EAGAN, Minn.--(BUSINESS WIRE)--Biothera’s late stage cancer immunotherapy drug binds to multiple innate immune cell receptors to exert enhanced cytotoxicity against tumor cells. Researchers will present new data showing Imprime PGG® binds to Fc gamma receptors (FcγR) in addition to complement receptor 3 (CR3) on human neutrophils and monocytes at a Keystone Symposia on tumor immunology in Banff, Alberta, Canada.
“Expanding our understanding of the mechanism of action of Imprime PGG may lead to more effective applications of this technology for the benefit of patients,” said Jeremy Graff, Ph.D., Senior Vice President, Biothera Pharmaceutical Research.
Previous in vitro human studies have demonstrated that Imprime PGG forms an immune complex with endogenous anti-beta-glucan antibodies (ABA), immunoglobulin IgG or IgM that are commonly present in human serum, with concentration variations in subjects.
Biothera researchers hypothesized that binding of Imprime PGG – a carbohydrate – would correlate significantly to the IgG2 subclass of the anti-beta-glucan IgG antibodies. As FcγRIIA (CD32A) is the only Fc gamma receptor that has high affinity to the IgG2 subclass, Imprime PGG-ABA immune complex will cross-link CD32A, in addition to CR3. The results corroborated the hypotheses.

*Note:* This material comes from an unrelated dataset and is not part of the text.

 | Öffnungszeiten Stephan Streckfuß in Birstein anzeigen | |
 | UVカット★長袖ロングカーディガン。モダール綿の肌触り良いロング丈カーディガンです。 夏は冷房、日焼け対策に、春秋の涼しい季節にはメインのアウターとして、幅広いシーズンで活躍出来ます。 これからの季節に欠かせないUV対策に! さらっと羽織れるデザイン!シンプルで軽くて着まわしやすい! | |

“CD32A is an activating Fc gamma receptor that lowers the threshold of immune activation,” said Dr. Graff. “We observed that Imprime PGG engages CD32A, resulting in enhanced functional activity in immune cells, such as increased phagocytosis by macrophages.”
The title of Biothera’s the Keystone Symposia poster (#2019) is, “Imprime PGG, a yeast β-glucan immunomodulator, can engage Fc gamma receptor (FcγR) in addition to complement receptor 3 (CR3) on human neutrophils and monocytes.” The poster presentation is scheduled for 7:30 pm – 10:00 pm on Tuesday, February 10.

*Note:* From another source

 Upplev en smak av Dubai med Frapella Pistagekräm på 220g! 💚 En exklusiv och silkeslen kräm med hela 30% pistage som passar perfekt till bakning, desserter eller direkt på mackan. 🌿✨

Biothera, a privately held U.S. biotechnology company, is developing Imprime PGG, a late clinical stage biologic that modulates the immune response to cancer. Data from the most recent randomized phase 2 study of Imprime PGG in first line non-squamous NSCLC was featured as a late-breaking abstract in the Immunotherapy of Cancer session at ESMO 2014. In this study, which evaluated the addition of Imprime PGG to bevacizumab and carboplatin/paclitaxel versus bevacizumab and chemotherapy alone, objective response rate was 60.4% versus 43.5%, duration of response was 10.3 months versus 5.6 months and median overall survival was 16.1 months versus 11.6 months. Similarly encouraging data have been observed in both squamous and non-squamous subjects in a second randomized Phase 2 study in 1st line NSCLC in combination with cetuximab and in studies in high-risk chronic lymphocytic leukemia and metastatic colorectal cancer. Imprime PGG directly modulates the key effector cells of the innate immune system, neutrophils and monocytes/macrophage, enabling them to recognize and kill antibody-targeted cancer cells. In addition, on-going research points to a secondary, bystander effect of Imprime PGG on both innate and adaptive immune cell types known to exist in the tumor microenvironment, including T-cells, dendritic cells, M-2 macrophages and myeloid derived suppressor cells. Imprime PGG is being evaluated in a phase 3 study in late stage metastatic colorectal cancer and planning is underway for an approvable study in NSCLC.